* _Entries provided_
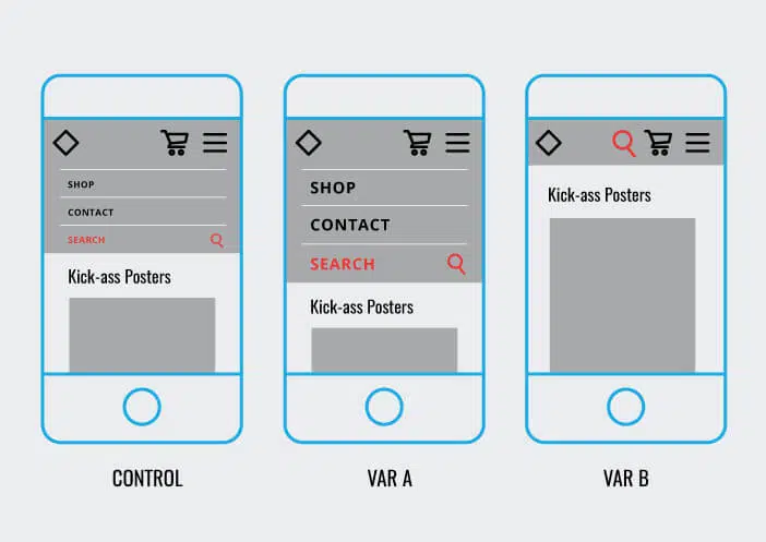 Mais surtout, vous devez tester plusieurs variantes de votre système de navigation, en utilisant des solutions d’A/B Testing modernes et intégrées à vos outils d’analyse UX. Vous pouvez par exemple jouer sur la taille des éléments de navigation (taille des icônes et taille des polices). Vous pouvez aussi réduire au minimum les éléments textes en mettant en place un système de recherches à base d’icônes. Modifiez l’emplacement des éléments et étudiez le comportement de vos utilisateurs vis-à-vis de ces variations pour identifier celle qui créé le plus d’engagement et de conversions.
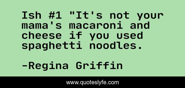 This page presents the quote "Ish #1 "It's not your mama's macaroni and cheese if you used spaghetti noodles.". Author of this quote is Regina Griffin. This quote is about funny, humor, humorous, tags-funny-and-random, funny-but-true, comedy,.
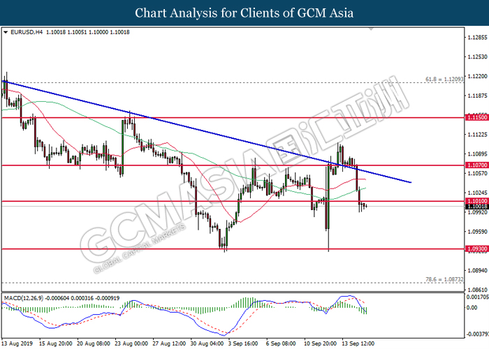 Japanese Yen appreciated against the U.S. dollar as geopolitical tensions escalated in the Middle East after the drone attacked on two major oil facilities in Saudi Arabia and destroyed the global oil supplies. The pre-dawn strikes on Saturday disrupted 5 percent of global oil supply and reduces the output of the crude oil by 5.7 million barrels per day. Yemen’s Houthi rebels claimed the responsibility for the attacks, warning Saudi Arabia that their target will be continually expanded. However, U.S. Secretary of State Mike Pompeo accused Iran of being behind the assault, without providing any evidence. The accused was then rejected by Tehran. Meanwhile, Saudi Arabia has promised to confront and deal with this terrorist aggression. The news intensifies tensions in the Middle East, providing bullish support for the Japanese Yen higher as it considered as safe-haven assets. However, with Bank of Japan is due to meet this week, investors speculate that the central bank may cut its interest rates further into negative territory to boost up the economic growth. On the other hand, EUR/USD slump as higher oil prices hurt the Europe’s balance of payments. As Europe imports most of its oil, rising oil price on a supply shock would increase the cost of import and lead to further depreciation in EUR/USD. As of writing, USD/JPY rose 0.02% to 108.10 and EUR/USD appreciated by 0.12% to 1.1001.
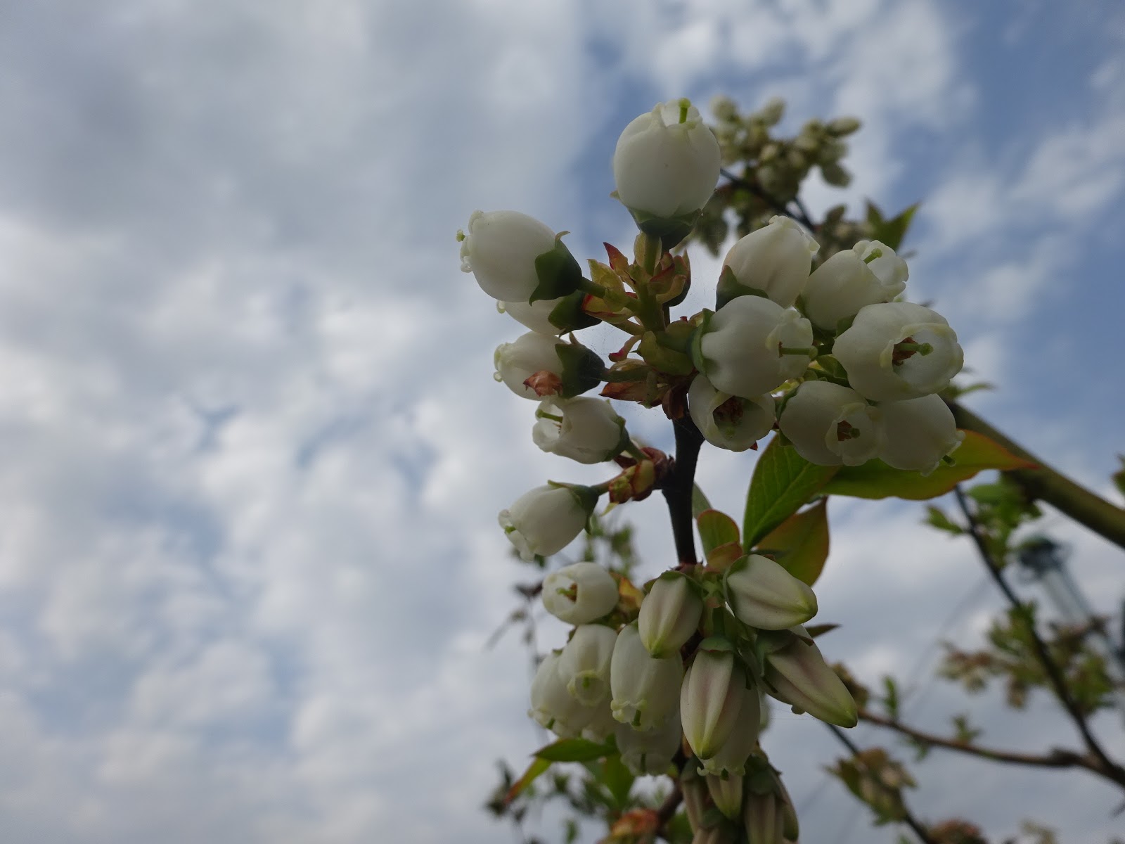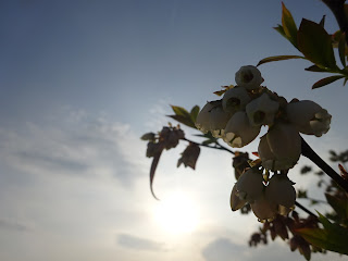 日が長くなりましたがもう夕方。 ブルーベリーの白い可憐な花がまた可愛い。 |
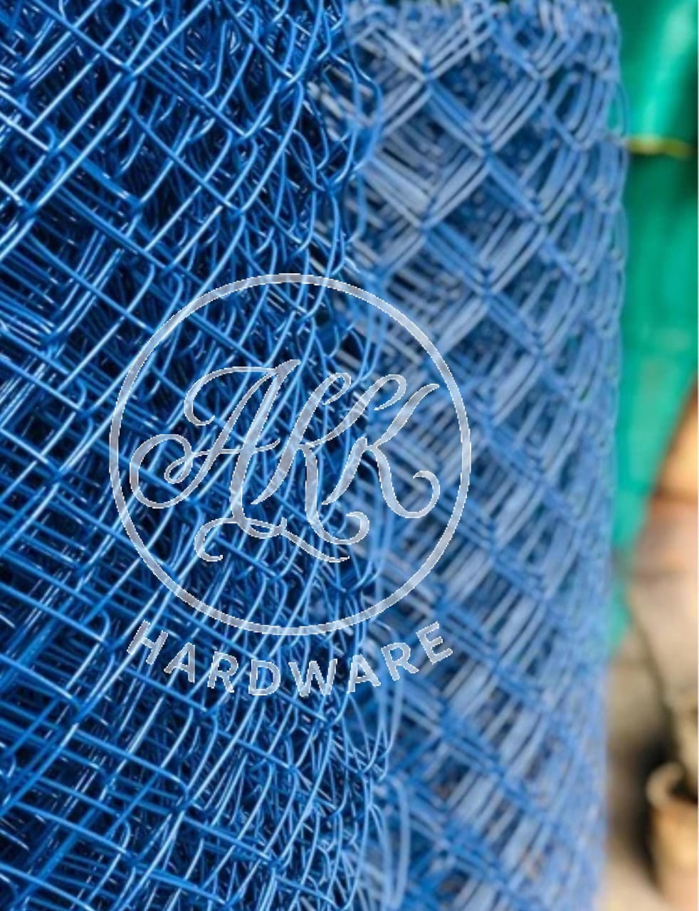 BLUE CHAIN LINK FENCING IS MADE FROM A GALVANIZED STEEL CORE COVERED WITH A PROTECTIVE AND COLORED PVC (POLYVINYL CHLORIDE) COATING.
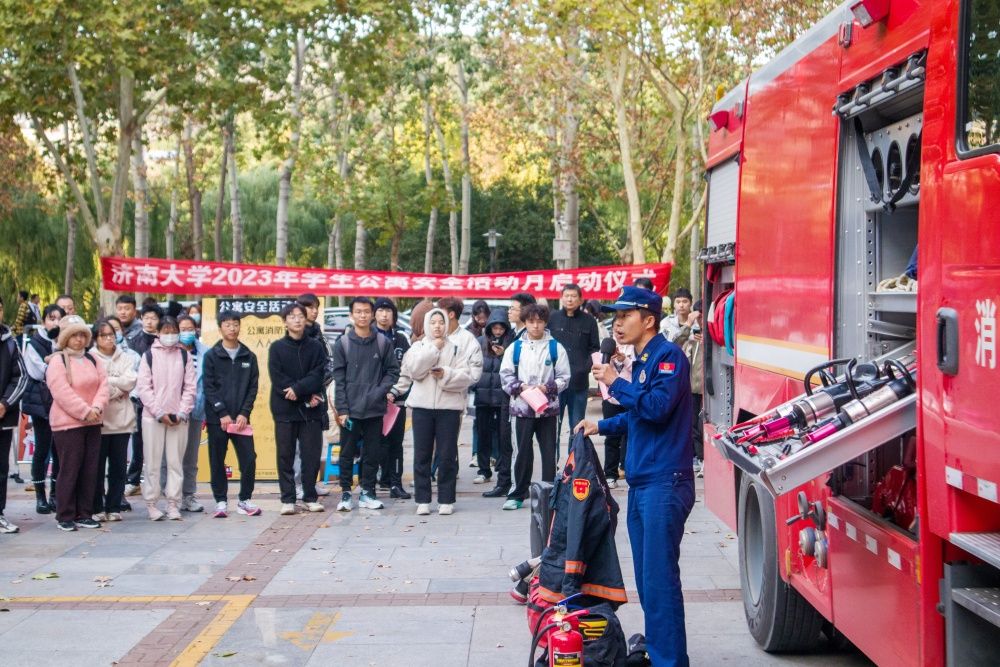 为进一步加强学生公寓安全管理,切实保障广大学生的人身和财产安全。11月9日下午,sunbet申搏官方网站2023年学生公寓“安全活动月”启动仪式在主校区八食堂东广场举行。市中区白马山消防救援站政治指导员崔光宇、班长苏文琦,市中分局七贤派出所驻我校主校区民警张明明,党委学生工作部(处)、团委、党委保卫部、各学院分管学生工作副书记、学办主任,辅导员以及学生代表参加了活动。启动仪式由党委保卫部副部长陈营明主持。
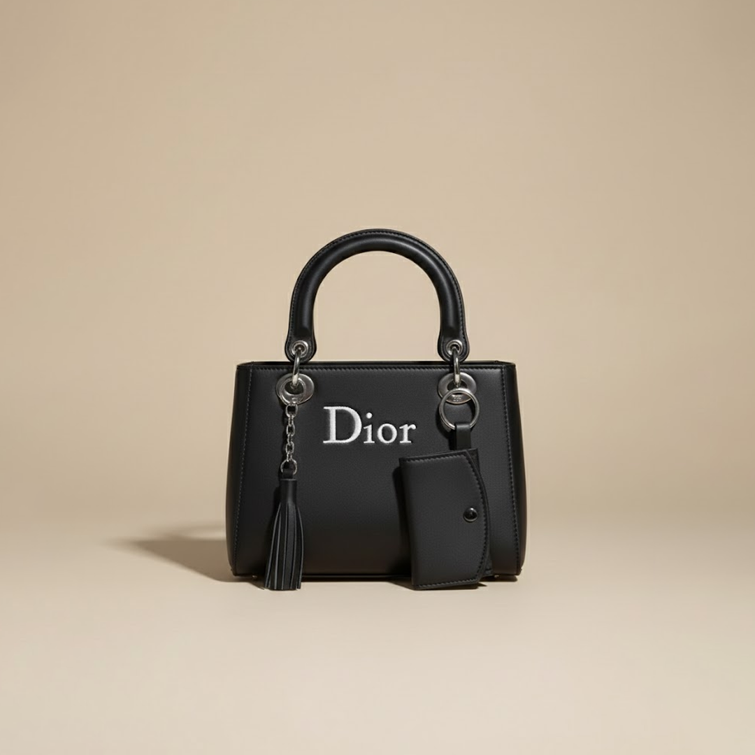 Embrace sophistication with the Dior black handbag, crafted for the modern woman who values style and luxury. The iconic Dior logo embossed on the front adds a touch of class, while the functional tassels and a convenient wallet attachment make it both practical and fashionable. Whether it's a day at the office or an evening out, this versatile bag will elevate your look.
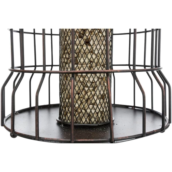 Der Erdnuss-Futterspender lässt sich einfach durch den aufklappbaren Deckel befüllen und das Schutzgitter ermöglicht kleinen Vögeln das Fressen in Ruhe.
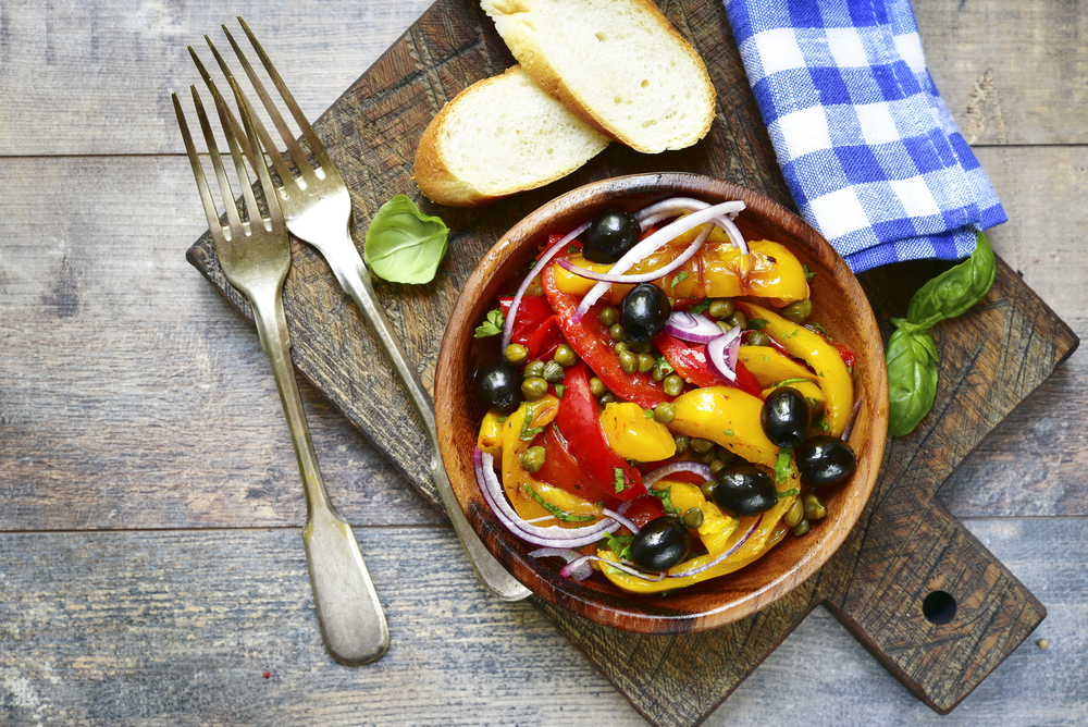 - Убрать фольгу, хорошенько перемешать овощи, увеличить температуру в духовке до 210 градусов и готовить пеперонату еще 15 минут до появления приятного румяного оттенка.
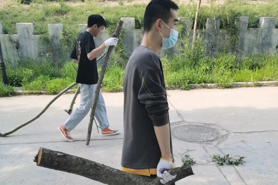 运输树苗的任务分为三个阶段:运送粗树干、运送带有茂密树叶的树苗、运输树桩和细直树苗。志愿者在进行了简单的分组协调之后,开始有条不紊的运输树木。虽然运输起点与心理基地的距离较小,但是沉重的树苗、树干以及粗壮的树桩,给志愿者带来了不小的挑战。
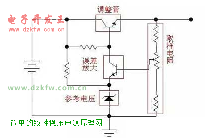 如果用一个三极管或者场效应管来代替图中的可变阻器,并通过检测输出电压的大小,来控制这个“变阻器”阻值的大小,使输出电压保持恒定,这样我们就实现了稳压的目的。这个三极管或者场效应管是用来调整电压输出大小的,所以叫做调整管。
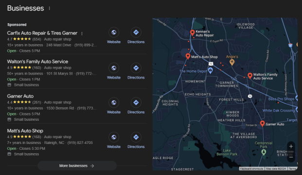 screenshot of Google Business Profile Map Pack for Auto Repair search results
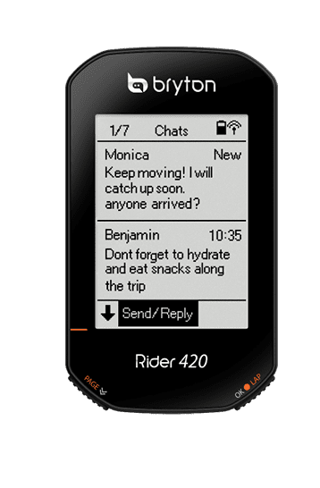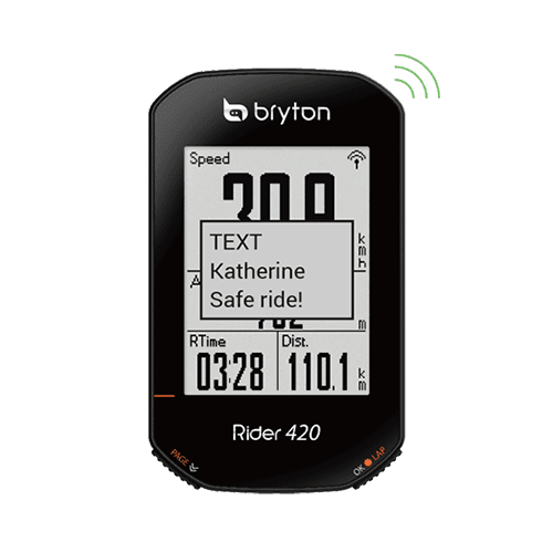 不需擔心騎乘時會漏掉重要電話和訊息,Rider 420 支援智慧通知功能,透過藍芽將車錶和您的手機配對後,就能在接收到來電、電子郵件和簡訊時,即時顯示通知。
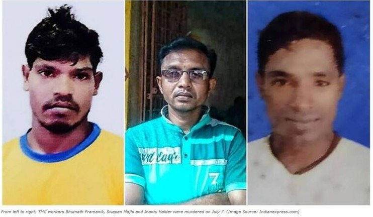 కోల్కతా: పశ్చిమ బెంగాల్లో మరో దారుణం సంభవించింది. ముగ్గురు హిందూ టీఎంసీ కార్యకర్తలను ముస్లిం టీఎంసీ కార్యకర్తలు హత్య చేశారు. గోపాల్పూర్ గ్రామ పంచాయతీ సభ్యుడు స్వపన్ మాఝీతో సహా మరో ఇద్దరు హిందూ టీఎంసీ కార్యకర్తలు హత్యకు గురయ్యారు. దక్షిణ 24 పరగణాస్ జిల్లాలోని కానింగ్లోని పీర్ పార్క్ సమీపంలో జూలై 7, గురువారం ఈ సంఘటన జరిగింది. నివేదికల ప్రకారం, ఆరుగురు బృందంగా మారి, హత్య చేశారు. మాఝీతోపాటు జంతు హల్దర్, భూత్నాథ్ ప్రమాణిక్ బలితీసుకున్నారు.

* _Task statement_
If a line comes after the line with "This page presents", it stays out; print exactly every line from the start of the entries up to and including that line, but no pictures.

* _Task response_
 Mais surtout, vous devez tester plusieurs variantes de votre système de navigation, en utilisant des solutions d’A/B Testing modernes et intégrées à vos outils d’analyse UX. Vous pouvez par exemple jouer sur la taille des éléments de navigation (taille des icônes et taille des polices). Vous pouvez aussi réduire au minimum les éléments textes en mettant en place un système de recherches à base d’icônes. Modifiez l’emplacement des éléments et étudiez le comportement de vos utilisateurs vis-à-vis de ces variations pour identifier celle qui créé le plus d’engagement et de conversions.
 This page presents the quote "Ish #1 "It's not your mama's macaroni and cheese if you used spaghetti noodles.". Author of this quote is Regina Griffin. This quote is about funny, humor, humorous, tags-funny-and-random, funny-but-true, comedy,.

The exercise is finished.